No, they allow you the ability for logical thought which you can use to address the underlying causes.

That's an attitude I had not considered before, thanks Mark. Will go and see my GP and speak to him. It's not like I'm depressed 100% of the time, it comes and goes.. the anti-depressants could be just the thing I need to get me through the hard times to be able to fight on another day...


I am fortunate enough to have a wife who bore a lot of my tears and collapse into the black hole.....
I can't stress how supportive my wife has been, she's been terrific. She's done a lot of research herself on sites for partners of those suffering depression.. I (honestly) don't know how I could have coped without her at times...


You identified, as others have, the importance of exercise - keep it up
I'm a lazy bastard though, it's hard at times :angel:

You guys are great, a lot of fantastic advice to swallow...

RonMcGr
31st March 2008, 06:59 PM
Speaking of swallowing, I take antidepressants.

In some cases they are help full when your serotonin levels drop and will not come up. (serotonin is believed to play an important role as a neurotransmitter, in the modulation of anger, aggression, body temperature, mood, sleep, sexuality, and appetite as well as stimulating vomiting.)

When the body stop secreting serotonin, things get really bad :( I take it for post traumatic stress.

It has, however been prescribed for short term depression. If you take it too long you become totally dependent on it!

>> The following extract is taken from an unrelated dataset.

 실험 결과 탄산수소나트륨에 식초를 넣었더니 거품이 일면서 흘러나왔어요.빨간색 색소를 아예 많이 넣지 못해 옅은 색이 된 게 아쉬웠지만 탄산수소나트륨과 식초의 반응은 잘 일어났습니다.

As I'm old, it does not matter, but I would not suggest a young person under 45 take it.
The down side is it's hard to concentrate some times, difficult to learn new things as the memory banks go into a "So what!" mode.
The good side, my kids (25 to 30 year old) now talk to me and no longer worry about outbursts of anger!

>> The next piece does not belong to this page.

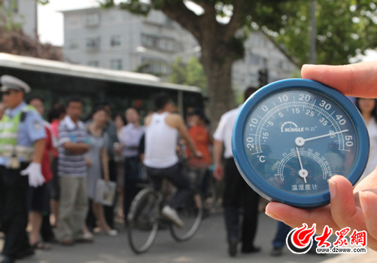6月8日14:41 濟(jì)南商貿(mào)學(xué)校 見(jiàn)習(xí)記者 馬鑫:烈日下的溫度已達(dá)45攝氏度

So Glen, if you get so bad it is hard to cope, that is an alternative for the short term.

Cheers,
Ron

MickG
1st April 2008, 11:10 AM
Hey Glenn, Outlaw was kind enough to send me the link to this thread and mentioned you were having a hard time at the moment.

I can't really offer you any help having not gone through anything like this before, so all I can say is with my kids, Andrew 4, Charlie 2 and Hannah 11mths, being denied access to them is simply not an option of me......anytime in my life. I would like to think though, that if I were in your situation, that I would have the strength that you have and are demonstrating, to deal with the situation. You have already made some excellent decisions it would appear and have many more to make. As suggestd by most here, you are heading in the right direction and given time you will reach a happier place.
Probably the only thing I can relate to in this instance is the need to talk about your feelings and issues, this is essential. This forum would be an excellent place for that and I would suggest you post up here as often as you like, as I am sure most if not all AULRO members would be willing to assist in anyway they could.

Keep your head up Glenn, remember what you want to achieve and please let us know if there is anything we can do as individuals, AULRO or GCLRO.